* _Exercise brief_
Retype all of the listing exactly, with no pictures.

* _Supplied information_
BEGIN
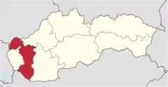 Limita al sur con Hungría, al oeste con Austria y la región de Bratislava, al norte con la República Checa y al este con la región de Nitra y la región de Trenčín.
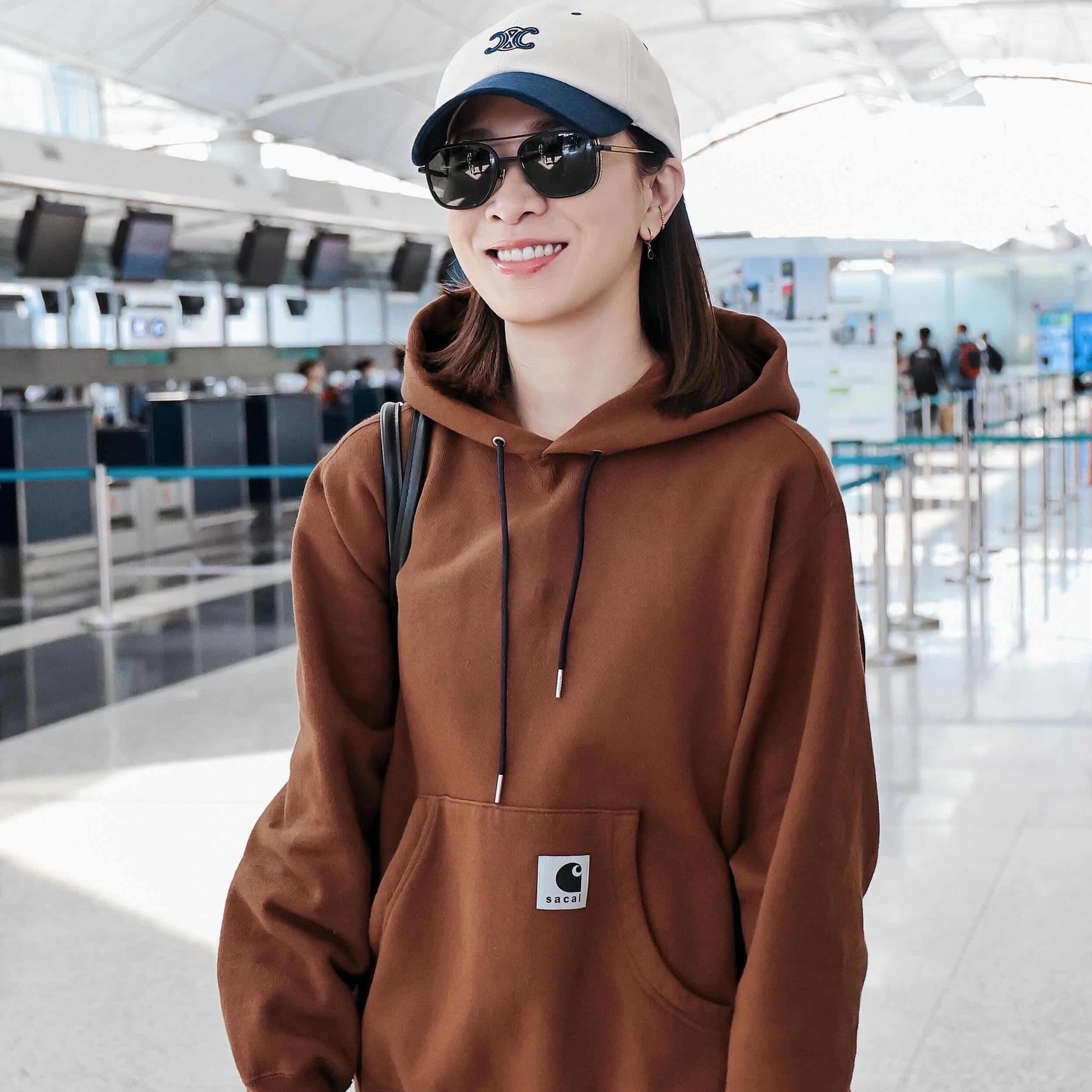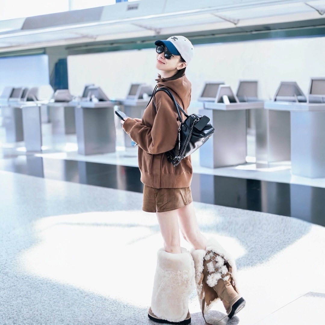 阿佘著住啡色連帽衛衣配同色短裙,好適合香港大約20度嘅氣溫,最搶眼係佢對毛毛boots,估計係要配合北京10度以下嘅低溫。阿佘頭戴cap帽加黑超,睇嚟係精心打扮過嘅機場時尚。![]()
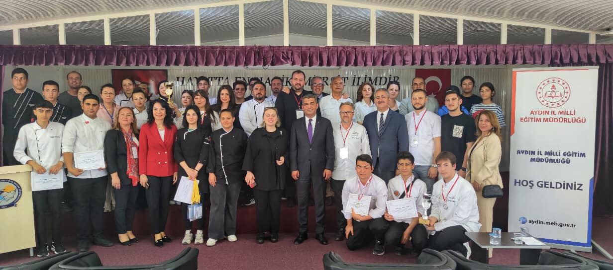 Ülkemizde 81 ilde bulunan Yiyecek İçecek Hizmetleri alanı öğrencilerinin katılımıyla Milli Eğitim Bakanlığı Meslekî ve Teknik Eğitim Genel Müdürlüğü koordinesinde düzenlenen MEB Gastronomi Festivali ve Yemek Yarışması’nın Ege Bölgesi ayağı 17 Nisan 2024 tarihinde Meslek Yüksekokulumuz mutfak atölyesinde yapılmıştır. Yarışmaya Aydın ve Muğla illerinde bulunan 3’er kişilik ekiplerden oluşan 15 farklı Meslekî ve Teknik Anadolu Lisesi öğrencileri katılmıştır. Ayrıca okul müdürleri ve danışman hocalar da öğrencilere eşlik etmiştir. Yarışmanın Ege Bölge koordinatörlüğünü Meslek Yüksekokulumuz Otel, Lokanta ve İkram Hizmetleri bölüm başkanı Dr. Öğr. Üyesi Emrah Köksal SEZGİN yapmıştır. Yarışma süresince liseler ve MEB organizasyonu bölge sorumlusu, Kadıköy Abdülhamid Han Mesleki ve Teknik Anadolu Lisesi Müdürü Merzuka AKPINAR tarafından sağlanmıştır. Ayrıca organizasyona Aydın İl Milli Eğitim Müdürü Süleyman EKİCİ, Aydın İl Milli Eğitim Müdür Yardımcısı Gülfidan KENDİRLİOĞLU ve Kuşadası İlçe Milli Eğitim Müdürü Sayın İbrahim ATAMAN katılmışlardır. Yarışma ADÜ Kuşadası Meslek Yüksekokulu Müdürümüz Prof. Dr. Pınar ALTIOK GÜREL, Otel, Lokanta ve İkram Hizmetleri bölüm başkanımız Dr. Öğr. üyesi Emrah Köksal SEZGİN ve Aydın İl Milli Eğitim Müdürü Süleyman EKİCİ’nin konuşmalarının ardından ödül töreni ile sona ermiştir. ADÜ Kuşadası MYO olarak, yarışmaya katılan ve dereceye giren bütün öğrencileri tebrik ediyor başarılar diliyoruz. Milli Eğitim Bakanlığı nezdinde gerçekleştirilen böylesi bir yarışmada okulumuzun, Üniversitemize yakışır bir ev sahipliği yapabilmesi için günler öncesinden değerli emeklerini esirgemeyen ADÜ Kuşadası MYO Müdür Yardımcımız Sayın Öğr. Gör. Dr. Ahu SEZGİN’e, Otel, Lokanta ve İkram Hizmetleri bölüm başkanımız Dr. Öğr. Üyesi Emrah Köksal SEZGİN’e, idari personelimize ve gönüllü olarak katkı sağlayan sevgili öğrencilerimiz İrem SEMİZ, Alihan ÇEVİKER, Mehmet Fatih IŞIK ve Orçun GACAR’a sonsuz teşekkürler ederiz. Sevgi ve saygılarımızla.
END
* _Solved problem_
 Limita al sur con Hungría, al oeste con Austria y la región de Bratislava, al norte con la República Checa y al este con la región de Nitra y la región de Trenčín.
 阿佘著住啡色連帽衛衣配同色短裙,好適合香港大約20度嘅氣溫,最搶眼係佢對毛毛boots,估計係要配合北京10度以下嘅低溫。阿佘頭戴cap帽加黑超,睇嚟係精心打扮過嘅機場時尚。![]()
 Ülkemizde 81 ilde bulunan Yiyecek İçecek Hizmetleri alanı öğrencilerinin katılımıyla Milli Eğitim Bakanlığı Meslekî ve Teknik Eğitim Genel Müdürlüğü koordinesinde düzenlenen MEB Gastronomi Festivali ve Yemek Yarışması’nın Ege Bölgesi ayağı 17 Nisan 2024 tarihinde Meslek Yüksekokulumuz mutfak atölyesinde yapılmıştır. Yarışmaya Aydın ve Muğla illerinde bulunan 3’er kişilik ekiplerden oluşan 15 farklı Meslekî ve Teknik Anadolu Lisesi öğrencileri katılmıştır. Ayrıca okul müdürleri ve danışman hocalar da öğrencilere eşlik etmiştir. Yarışmanın Ege Bölge koordinatörlüğünü Meslek Yüksekokulumuz Otel, Lokanta ve İkram Hizmetleri bölüm başkanı Dr. Öğr. Üyesi Emrah Köksal SEZGİN yapmıştır. Yarışma süresince liseler ve MEB organizasyonu bölge sorumlusu, Kadıköy Abdülhamid Han Mesleki ve Teknik Anadolu Lisesi Müdürü Merzuka AKPINAR tarafından sağlanmıştır. Ayrıca organizasyona Aydın İl Milli Eğitim Müdürü Süleyman EKİCİ, Aydın İl Milli Eğitim Müdür Yardımcısı Gülfidan KENDİRLİOĞLU ve Kuşadası İlçe Milli Eğitim Müdürü Sayın İbrahim ATAMAN katılmışlardır. Yarışma ADÜ Kuşadası Meslek Yüksekokulu Müdürümüz Prof. Dr. Pınar ALTIOK GÜREL, Otel, Lokanta ve İkram Hizmetleri bölüm başkanımız Dr. Öğr. üyesi Emrah Köksal SEZGİN ve Aydın İl Milli Eğitim Müdürü Süleyman EKİCİ’nin konuşmalarının ardından ödül töreni ile sona ermiştir. ADÜ Kuşadası MYO olarak, yarışmaya katılan ve dereceye giren bütün öğrencileri tebrik ediyor başarılar diliyoruz. Milli Eğitim Bakanlığı nezdinde gerçekleştirilen böylesi bir yarışmada okulumuzun, Üniversitemize yakışır bir ev sahipliği yapabilmesi için günler öncesinden değerli emeklerini esirgemeyen ADÜ Kuşadası MYO Müdür Yardımcımız Sayın Öğr. Gör. Dr. Ahu SEZGİN’e, Otel, Lokanta ve İkram Hizmetleri bölüm başkanımız Dr. Öğr. Üyesi Emrah Köksal SEZGİN’e, idari personelimize ve gönüllü olarak katkı sağlayan sevgili öğrencilerimiz İrem SEMİZ, Alihan ÇEVİKER, Mehmet Fatih IŞIK ve Orçun GACAR’a sonsuz teşekkürler ederiz. Sevgi ve saygılarımızla.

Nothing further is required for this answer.